Having a lifestyle like Bear Grylls, adventurer and TV presenter best known for Man vs Wild and Born Survivor, requires incredible fitness. During his outdoor adventures he might be jumping out of planes, diving into freezing cold water, gamely trekking across deserts and up mountains, or parachuting into extreme terrain such as trees, glaciers and sand.
Bear broke his back in a parachuting accident ten years ago, in addition to past injuries and pains, and has to be fully fit to undertake his exploits and endure extreme temperatures. His wife Shara started seeing Bowen therapist Sarah Yearsley for her back problems some time ago, and now Bear also sees Bowen sessions as an essential part of his preparation and recovery in between his excursions.
“Bowen has helped keep my body together despite the continual bashing it takes,” Bear says. “It’s a vital support in putting right a whole range of new aches and pains, making sure that old injuries don’t cause me problems, and helping me fight stress and fatigue.”
Sarah, his therapist, explains: “Bear provides a perfect illustration of the amazing versatility of Bowen. It helps him across a full range of symptoms – not only alleviating pain but boosting his immune system and helping minimise fatigue. Of course, he isn’t a typical patient, but most of his problems are no different from those I treat in people with normal lifestyles.”

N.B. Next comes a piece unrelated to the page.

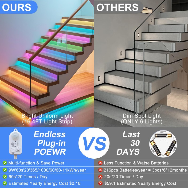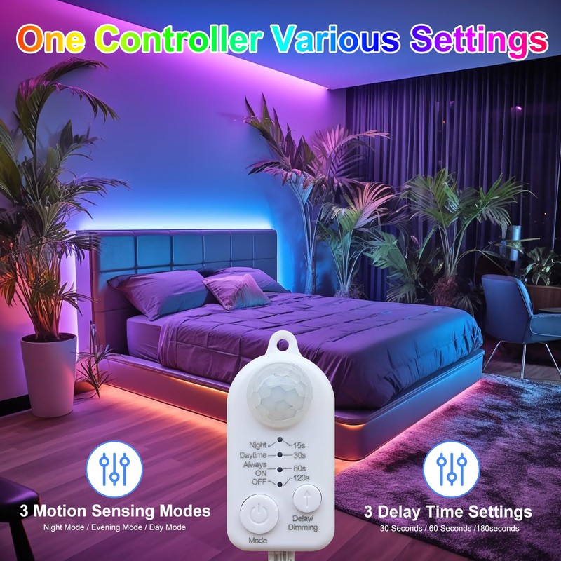 - ★ Unidirectional sensor: Equipped with a sensor on one side of the light strip, it is very suitable for stairs, double beds, corridors, living rooms, or garages.

Bowen Technique involves gentle movements with the fingers and thumbs along the muscles, ligaments, tendons and soft tissues of the body. The process releases energy, sending impulses to the brain to trigger the body’s own healing system. It is said to be particularly effective in correcting muscular and skeletal imbalances. The practitioner usually works through clothing, making light movements to encourage circulation of blood and lymph, increase mobility and release blocked energy.
Originally founded by Aussie Tom Bowen (1916-1982), it’s a holistic treatment, focused on helping the entire body. What might appear strange on your first visit is that the practitioner leaves the room after each series of movements, but this is to allow the body to initiate its healing process. So, rather than ‘making’ the body change, Bowen ‘asks’ the body to recognise and make the changes it requires.

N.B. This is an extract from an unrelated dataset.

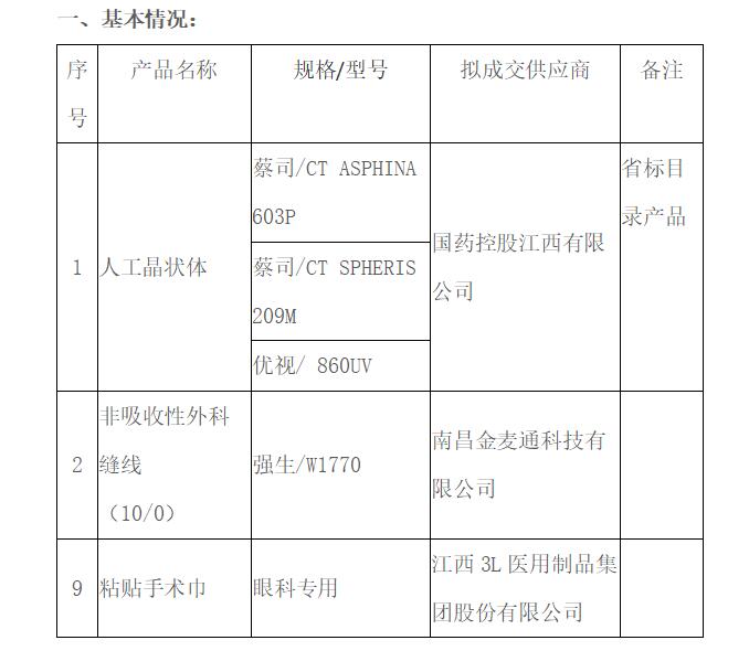 经2018年12月20日院内议价,就眼科手术耗材(人工晶状体、非吸收性外科缝线、粘贴手术巾)院内议价采购结果公示如下:

Physical knocks and emotional stress throughout the body cause tissues to contract, but they sometimes stay contracted causing back pain, not to mention many other health problems.
According to John Wilks, former chairman of the Craniosacral Association, “Every 8-12 seconds, waves of cerebro-spinal fluid go up and down the body driving the bones of the skull. This movement is only about a hundredth of an inch but a trained therapist can feel it, mostly working around the head, the spine, and the sacrum or pelvic area. Any disturbances show up in the fluid and we work to release it.”
As far as Sarah Orme, 49, a yoga teacher from Glastonbury, is concerned, John has worked magic on her spine. She broke her neck when she was in her 20s and saw him when she was still suffering from pain in the cervical vertebrae.
“I went to see John through a friend’s recommendation when I was in pain and after his treatment I became pain-free. So, when I fell off a horse a few years ago and suffered more back pain, I visited John. He found that my pelvis and back had slipped, and so he balanced them up for me.
“I’ve seen John a number of times over the years and it’s always a positive experience. Sometimes, there’s a physical sensation running up my spinal region. I don’t know what it is, but it feels like a positive shift of energy, and I have only had this experience when being treated by John. It’s hard to explain what he actually does, but I do believe he has played a large part in my recovery from a broken neck.”